The Brethren of Purity were a secret group of Islamic philosophers based in Basra, Iraq sometime during the eighth or tenth centuries. So secretive were they that very little is known about them, but some of their writing survives, including a letter known as The Case of the Animals Versus Man Before the King of the Jinn. This is part of an Oxford University Press series of translations and commentaries. The translation I’m quoting here is by Lenn E. Goodman and Richard McGregor.
In this epistle, animals, birds and insects (interesting inclusion for the time) put humanity on trial in the court of the King of the Jinn for “cruelty, ecological heedlessness and greed”*. In their defence, the counsel for the defence quote the Qur’an, in which the Prophet tells his followers that animals are there for them to use. Horses, mules, and donkeys are “for riding and for splendour, and much that you know not” – which is rather intriguing.
There is immediately a response from a mule, who points out that this usage was never intended to result in abuse, adding, “there is nothing in the passages this human cites to support his claim that they are masters and we slaves.” After all, the mule goes on, the Qu’ran also says that “the sun and moon, the wind and clouds” are also subject to man, but they are not exactly chattels or slaves to mankind. Animals, the mule says, should be under man’s protection, not his figurative yoke.
Before Adam, the mule states, animals lived peacably as they pleased, but as soon as man arrived on the scene they found themselves forced into “exhausting toil and drudgery of hauling, ploughing, drawing water, turning mills, and being ridden. They forced us to these tasks with beatings, bludgeonings, and every kind of duress, torture, and chastisement throughout our lives.”
When the defence arrogantly counter that the animals should be able to tell by man’s bearing – upright, bipedal – that humanity is the master and the animal kingdom his subjects. Nonsense, say the animals. Their many forms are just as divinely given: “You should start from the recognition that all animals are the work of the wise Creator, who made them as He did with reason and purpose, to benefit them and protect them
from harm. But this is grasped only by Him and those who are well rooted in knowledge.”
Frankly, the animals tend to come out best as the arguments fly back and forth. If man claims that his mere ownership of animals is proof of his status as master, the mule points out that some men own other men – slaves. This is due to the “mere turns of human fortune” and not something ordained from on high. In any case, man only looks after us because he fears losing his investment, the mules says. Several witness for the prosecution speak out in detail about what they have suffered at the hands of the “Adamites”, including the Horse:
Your Majesty, had you seen us as their prisoners on the field of battle, bits in our mouths, saddles on our backs, plunging unprotected through clouds of dust, hungry and thirsty, swords in our faces, lances to our chests, and arrows in our throats,awash in blood, you would have had pity on us, O King.
The mule is saltier still as he talks about the indignities and brutalities he has experienced.

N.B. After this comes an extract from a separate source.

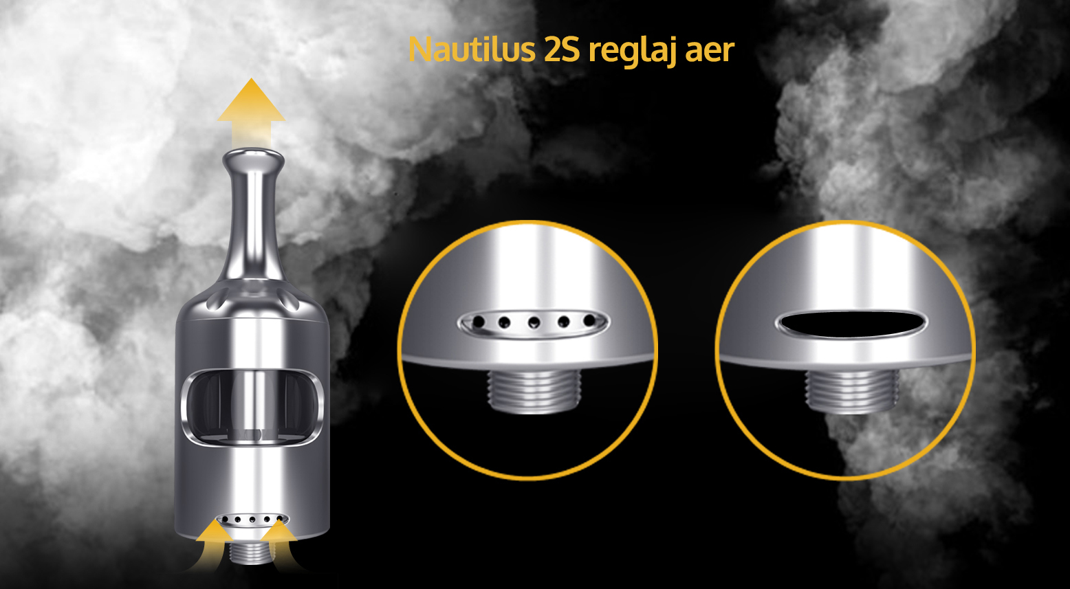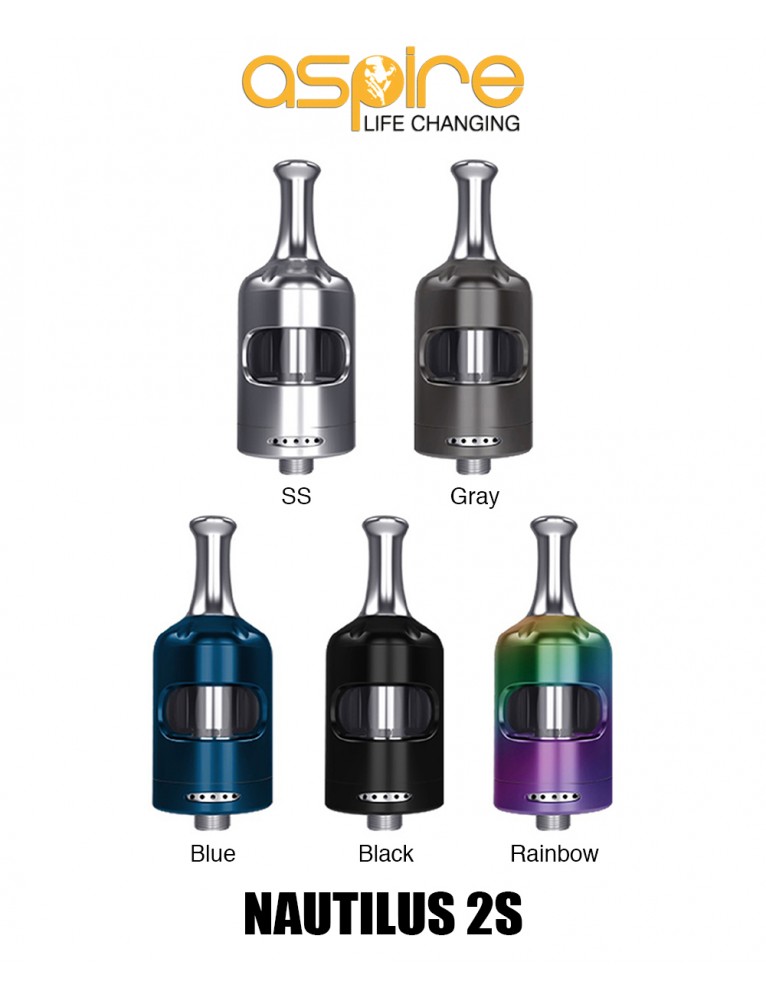 Atomizor Nautilus 2S de la Aspire are design curbat si armonios, o capacitate de 2.6ml lichid si poate fi folosit cu 3 tipuri de rezistente Nautilus BVC: 0.4 ohm (DTL) si 1.8 ohm BVC (MTL) ce sunt incluse in pachet, si varianta mesh de 0.7ohm (DTL). Atomizorul are un mecanism childproof atat pentru alimentarea cu lichid, cat si la schimbarea rezistentei.

Your Majesty, if you consider how dense, vulgar, uncouth, and foul-mouthed humans are, you’ll be amazed at how little they discern their own odious ways, vicious traits, depraved characters, and vile actions, their manifold barbarities, corrupt notions, and conflicting dogmas.
Later a rabbit says that he is indignant to be hunted by men on horses – after all, he says, dogs are carnivores and therefore have a reason to pursue his kind, but horses do not. The horse, he says, should not participate in the chase.
The next day, a better orator stands up in defence of mankind, citing its piety and the heavenly promises of the afterlife, but the animals counter with hell and other punishments, claiming that this balance sets creatures equal with man. Mankind draws ahead again by speaking of holymen and saints, and the animals must concede that they, too, seek to learn from these people.
Finally, the very finest and most highly educated counsel for the prosecution is introduced, a man “Persian by breeding, Arabian by faith, a ḥanif by confession, Iraqi in culture, Hebrew in lore, Christian in manner, Damascene in devotion, Greek in science, Indian in discernment, Sufi in intimations, regal in character, masterful in thought, and divine in awareness.” And then the text abruptly ends.
* Quotation from Robert Irwin’s wonderful, wonderful, Camel, which taught me so much about the bodies of camels and Arabic poetry. and made me laugh too.